Donald Trump przegrał wybory

1468910

Komentarz

  • Naprawdę chciałbym być w sytuacji, w której mógłbym zrezygnować z fb. Twitter to dla mnie tylko przyjemna zabawka.
  • los napisal(a):
    Stoi zadziwienie nad kondycją ludzką. Mnie oczywiście dokładnie wytłumaczono, co to jest i nigdy nie przyszło mi do głowy, do czego człowiek mógłby używać rzeczonych tt i fb. Ani przez minutę nie miałem pokusy, by się zarejestrować, choćby po to, by samemu zbadać. Coś jest niedobrze albo ze mną albo z milionami ludzi.
    Nu ale pomijając zupełnie co z kim nie tak - ten ćwiter i fejsbuk mają olbrzymi wpływ na rzeczywistość, czy tego chcemy czy nie. I co gorsza - będą miały coraz większe.

    Słusznie Kolega zauwazył onegdaj, że kobiety nie znajdują w konserwatyzmie niczego atrakcyjnego, bo nikt im nic takowego nie zaproponował. Podobnież w przypadku fejsa, twittera itp - młodzież albo będzie miała atrakcyjną alternatywę, albo pójdzie całą masą w objęcia lewactwa. Co już się dzieje zdaje się.
  • ...aż do momentu jak się połapie, że prawdziwe życie jest gdzie indziej albo podupadnie na zdrowiu psychicznym.

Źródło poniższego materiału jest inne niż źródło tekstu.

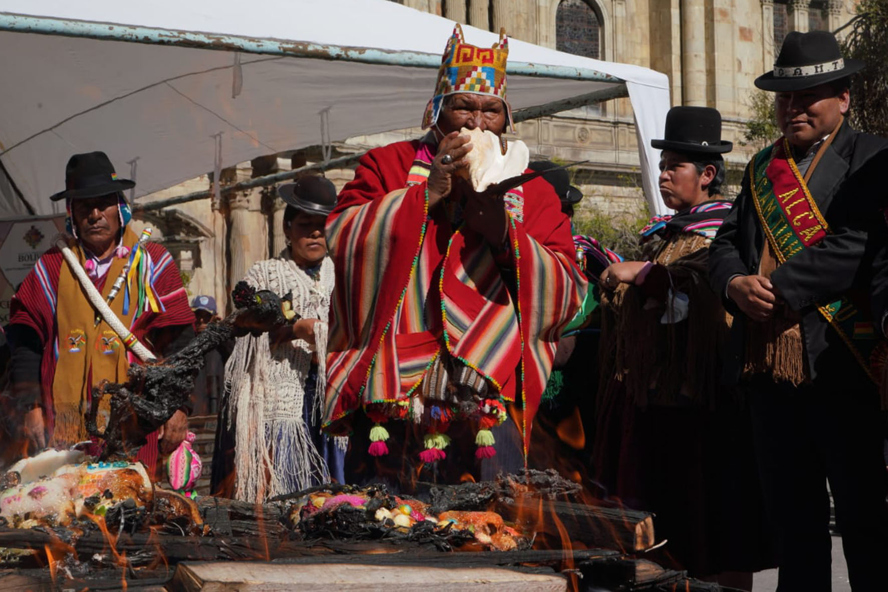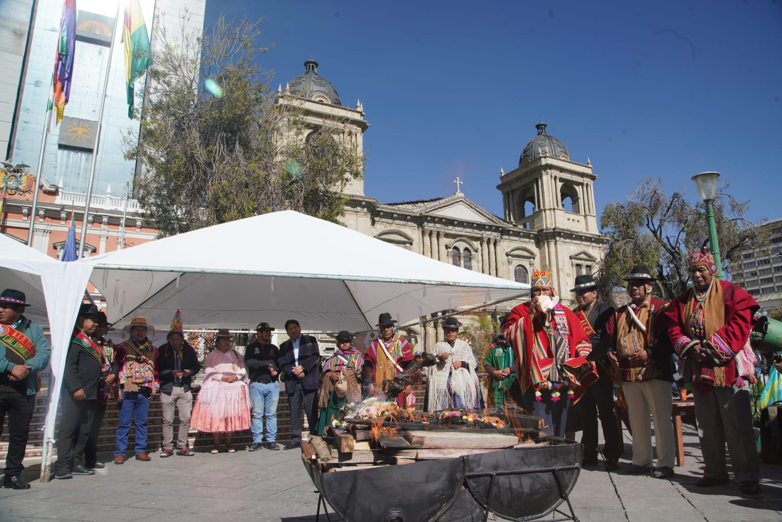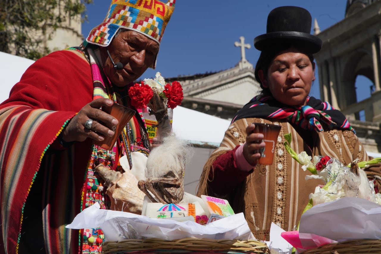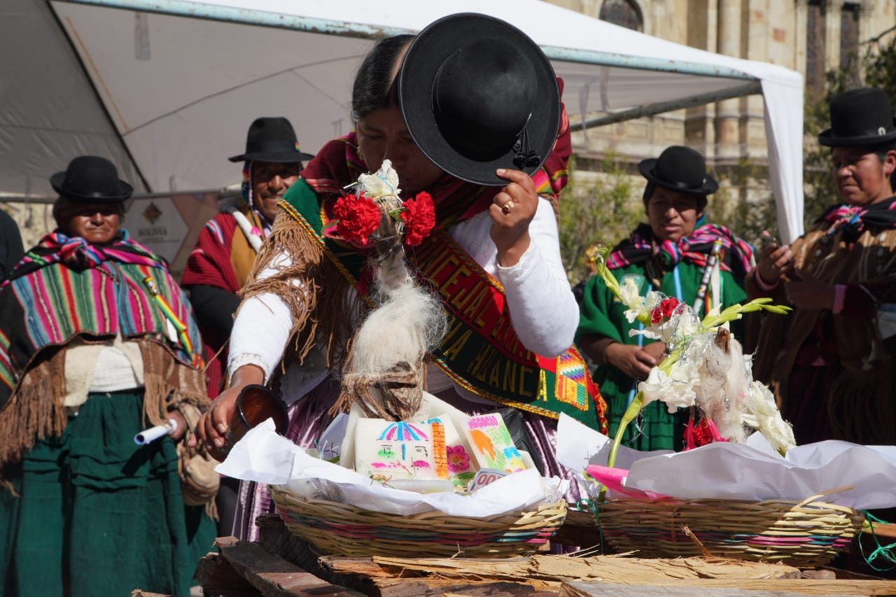 El Ministerio de Culturas, Descolonización y Despatriarcalización, realiza el acto de lanzamiento del Año Nuevo Andino Amazónico Chaqueño "WILLKAKUTI" 5531 Solsticio de invierno, en Plaza Murillo. Fotos: Jorge Mamani

    Nawet ja z perspektywy Cioci Łyżeczki mogę zrobić selekcję dzieci tabletowych i nie tabletowych i widzę, że tabletowe będą zmagać się z problemami jakich nie zna świat.
  • Ja tam jestem dzieckiem tabletowym, internatu używam intensywnie od roku 1990 a może i 1989. Wszystko w nim znam, wszystko rozumiem, prawie wszystko mi się podoba. Z wyjątkiem fb i tt.
  • edytowano November 2020
    Podobnież w przypadku fejsa, twittera itp - młodzież albo będzie miała atrakcyjną alternatywę, albo pójdzie całą masą w objęcia lewactwa. Co już się dzieje zdaje się.
    problem polega na tym, że nasza propozycja zawsze będzie mniej atrakcyjna, dobrze to Herbert ubrał w słowa

    Nic dziwnego
    że nie jest oblubienicą
    prawdziwych mężczyzn

    generałów
    atletów władzy
    despotów

    przez wieki idzie za nimi
    ta płaczliwa stara panna
    w okropnym kapeluszu Armii Zbawienia
    napomina

    wyciąga z lamusa
    portret Sokratesa
    krzyżyk ulepiony z chleba
    stare słowa

    - a wokół huczy wspaniałe życie
    rumiane jak rzeźnia o poranku

    prawie ją można pochować
    w srebrnej szkatułce
    niewinnych pamiątek

    jest coraz mniejsza
    jak włos w gardle
    jak brzęczenia w uchu

    2
    mój boże
    żeby ona była trochę młodsza
    trochę ładniejsza

    szła z duchem czasu
    kołysała się w biodrach
    w takt modnej muzyki

    może wówczas pokochali by ją
    prawdziwi mężczyźni
    generałowie atleci władzy despoci

    żeby zadbała o siebie
    wyglądała po ludzku
    jak Liz Taylor
    albo Bogini Zwycięstwa

    ale od niej wionie
    zapach naftaliny
    sznuruje usta
    powtarza wielkie Nie

    nieznośna w swoim uporze
    śmieszna jak strach na wróble
    jak sen anarchisty
    jak żywoty świętych

    https://literatura.wywrota.pl/wiersz-klasyka/41930-zbigniew-herbert-pan-cogito-o-cnocie.html
  • Chyba nie miałeś lat 4 w 1990 a rodzice nie odwracali Twej uwagi strumieniem reklam od ząbkowania.
  • edytowano November 2020
    los napisal(a):
    A co to jest twitter?
    Nowa Prasa
    Nowe Radio
    Nowa Telewizja
    Nowy List & Telegram
    Nowy Telefon
    Nowy (e, gdzie się zdobywa plotki?)
    Nowy Donos (department)

    zusamen & po trochu
  • edytowano November 2020
    tweet Trumpa
    Donald J. Trump @realDonaldTrump 16.11.2020:

    Try watching @OANN. Really GREAT!

    oraz
    One America News @OANN

    Now that Fox News has joined the mainstream media in censoring factual reporting, the most powerful leaders in the world count on @OANN to deliver the truth to YOU!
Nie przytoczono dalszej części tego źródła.